**How to complete this task:** In the records below, find the line containing "Pear cut morganite, 0.56ct, 3" and return it together with every later line, exactly as written; pictures are to be omitted.

**Input material:**

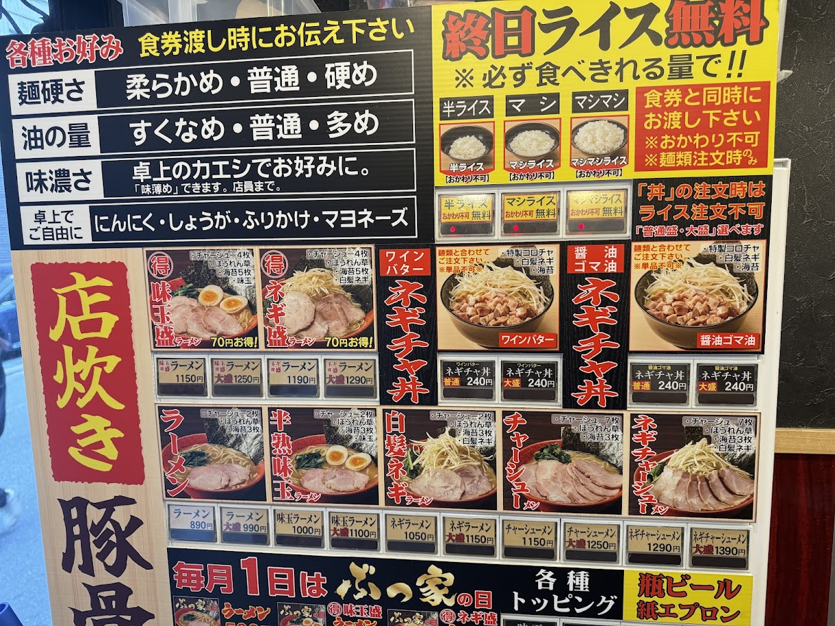 毎月1日はぶっ家の日でラーメンが500円だそうです。
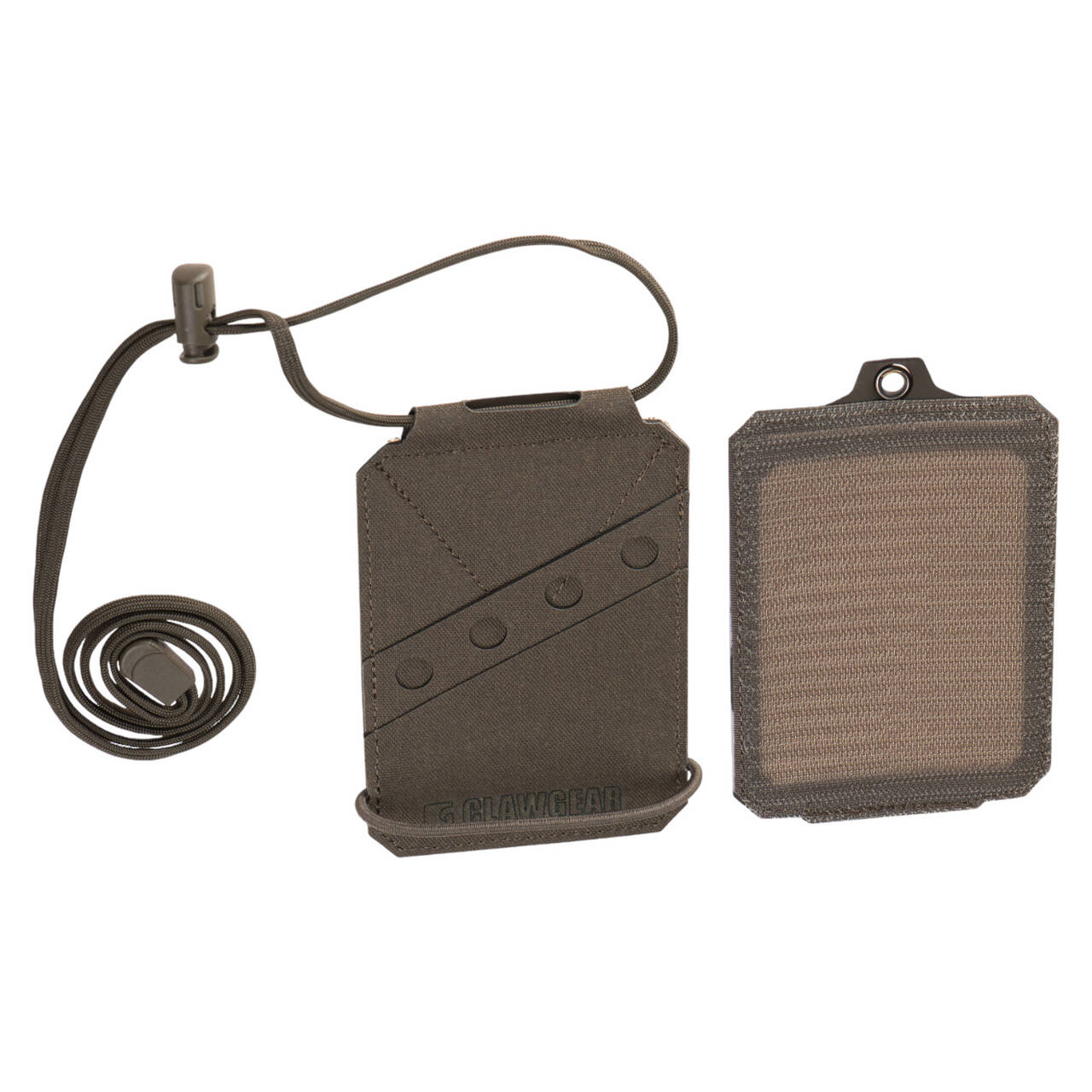 The Multi-Purpose ID Holder is an ID card sleeve that can be attached to any Velcro surface or an included neck strap adapter.
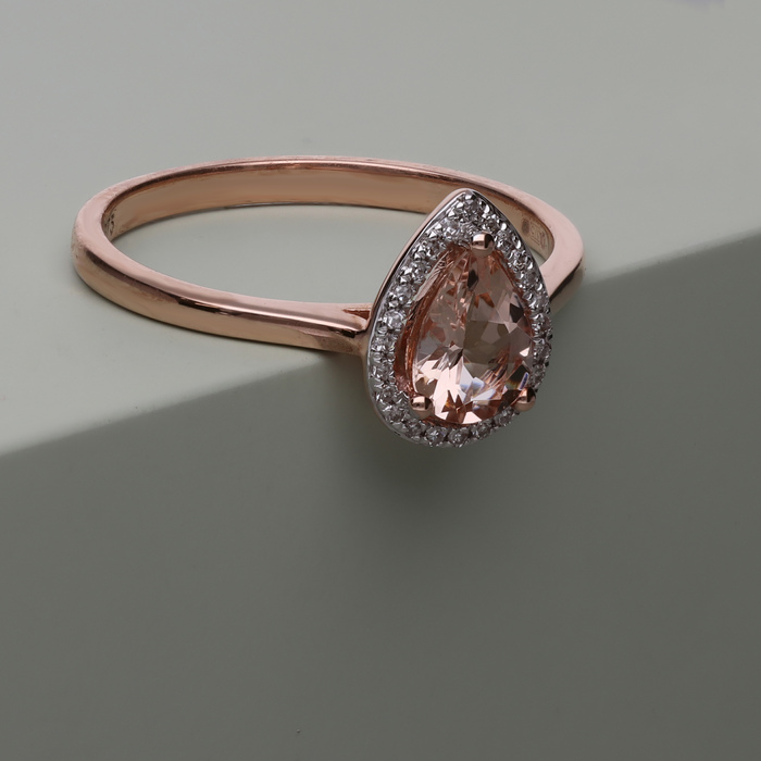Pear cut morganite, 0.56ct, 3 claw set within a cluster of diamonds, 0.07cts, micro claw set in 9ct white gold with rose gold under settings and band.
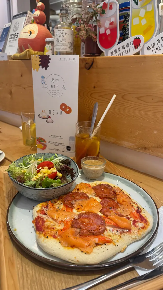 🏃🏻🏃🏻♀️🗾長洲第一站在「陳通記」食完早餐,便去了長洲戲院和海旁走走逛逛。時間過得很快,悠閒地行完海旁都已經下午一時多,誤打誤撞便找到這間「島中坊研」。☀️☀️☀️島中坊研用餐可選擇在室外或室內。由於天氣炎熱,所以最後選擇了室內,可以一邊用餐,一邊享受冷氣消暑降溫。餐廳室內環境裝修簡約,主要用了白色再配上木系色調,令餐廳有一種很濃厚的文青氛圍。🍳🥐🥗🥒🥬🥪🍞🍰🍮餐廳食物種類選擇都很多,例如:All Day Breakfast套餐、奄列套餐、牛角包套餐、沙律套餐、飛碟套餐和蛋糕甜品等等。由於來到長洲,諗住去多幾間長洲小店吃特色食品,所以最後決定叫了較輕盈的奄列套餐和牛角包套餐。🧀🌽🥓🧈🥚🍳🥐配料選擇多達13款,有芝士、粟米、咸牛肉、火腿、煙肉和蘑菇……奄列和牛角包可以各自選兩款配料。🥞🍞🍞奄列選了芝士和蘑菇配兩塊多士。奄列賣相和味道都很普通,像港式茶餐廳吃到常餐的奄列。🥐🍹📸牛角包則選了火腿和芝士。我覺得這個經典配搭一定不會覺得難食。牛角包比奄列較為出色,牛角包烘得金黃香脆,芝士處於半溶狀態,入口香脆可口。餐飲配上一杯冰凍蜜桃紅茶,樣子看似普通,但在這濃厚文青氛圍的環境,非常適合拍照打卡。…查看更多
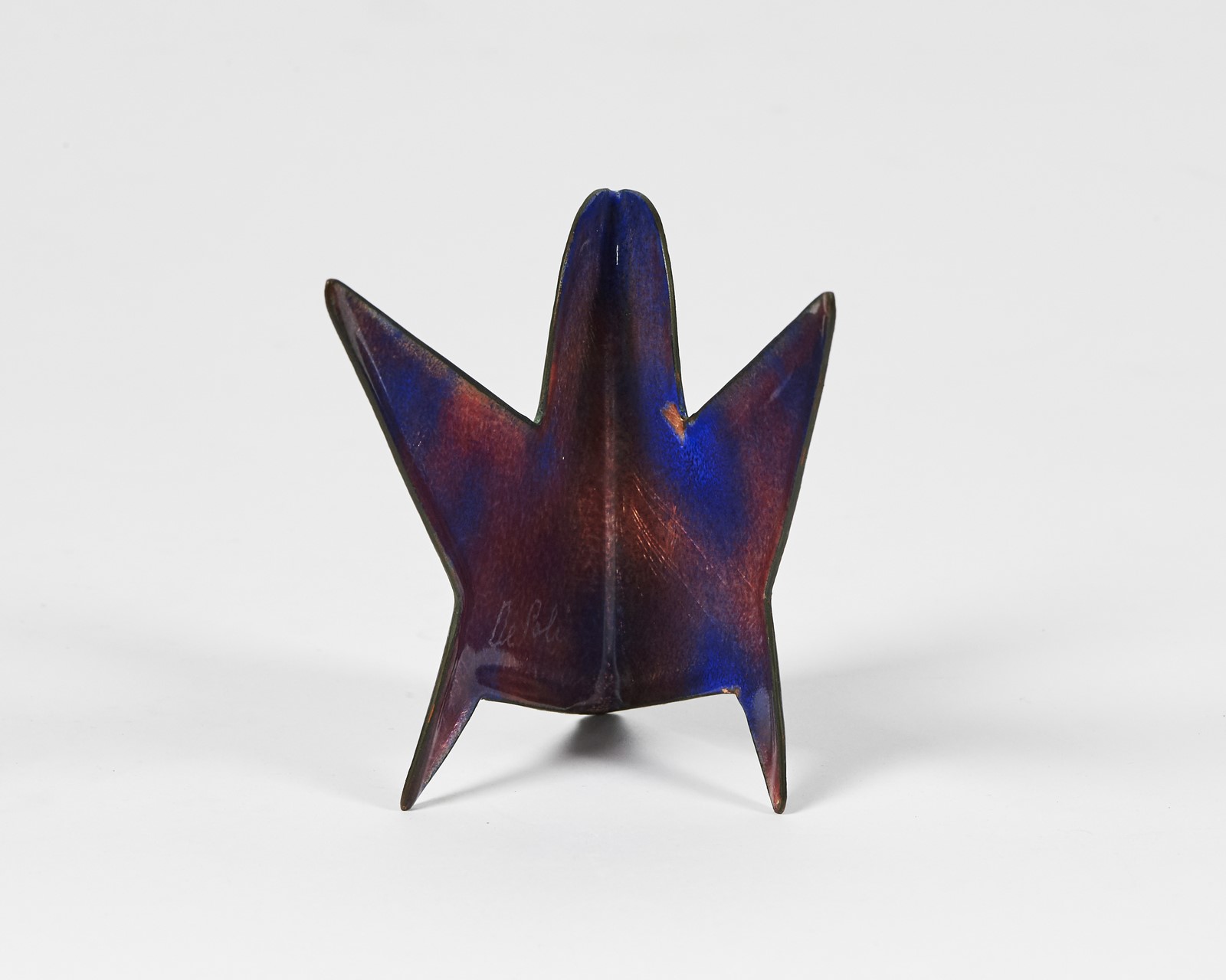 GIO PONTI - PAOLO DE POLI Uccello in rame smaltato per, Smalti De Poli Padova anni 50. Rame smaltato. . Firma "De Poli" all'interno. Presenta delle lievi sbeccature in corrispondenza delle parti frontali superiore e inferiore. Anni '50.

**Solution to the problem:**
Pear cut morganite, 0.56ct, 3 claw set within a cluster of diamonds, 0.07cts, micro claw set in 9ct white gold with rose gold under settings and band.
 🏃🏻🏃🏻♀️🗾長洲第一站在「陳通記」食完早餐,便去了長洲戲院和海旁走走逛逛。時間過得很快,悠閒地行完海旁都已經下午一時多,誤打誤撞便找到這間「島中坊研」。☀️☀️☀️島中坊研用餐可選擇在室外或室內。由於天氣炎熱,所以最後選擇了室內,可以一邊用餐,一邊享受冷氣消暑降溫。餐廳室內環境裝修簡約,主要用了白色再配上木系色調,令餐廳有一種很濃厚的文青氛圍。🍳🥐🥗🥒🥬🥪🍞🍰🍮餐廳食物種類選擇都很多,例如:All Day Breakfast套餐、奄列套餐、牛角包套餐、沙律套餐、飛碟套餐和蛋糕甜品等等。由於來到長洲,諗住去多幾間長洲小店吃特色食品,所以最後決定叫了較輕盈的奄列套餐和牛角包套餐。🧀🌽🥓🧈🥚🍳🥐配料選擇多達13款,有芝士、粟米、咸牛肉、火腿、煙肉和蘑菇……奄列和牛角包可以各自選兩款配料。🥞🍞🍞奄列選了芝士和蘑菇配兩塊多士。奄列賣相和味道都很普通,像港式茶餐廳吃到常餐的奄列。🥐🍹📸牛角包則選了火腿和芝士。我覺得這個經典配搭一定不會覺得難食。牛角包比奄列較為出色,牛角包烘得金黃香脆,芝士處於半溶狀態,入口香脆可口。餐飲配上一杯冰凍蜜桃紅茶,樣子看似普通,但在這濃厚文青氛圍的環境,非常適合拍照打卡。…查看更多
 GIO PONTI - PAOLO DE POLI Uccello in rame smaltato per, Smalti De Poli Padova anni 50. Rame smaltato. . Firma "De Poli" all'interno. Presenta delle lievi sbeccature in corrispondenza delle parti frontali superiore e inferiore. Anni '50.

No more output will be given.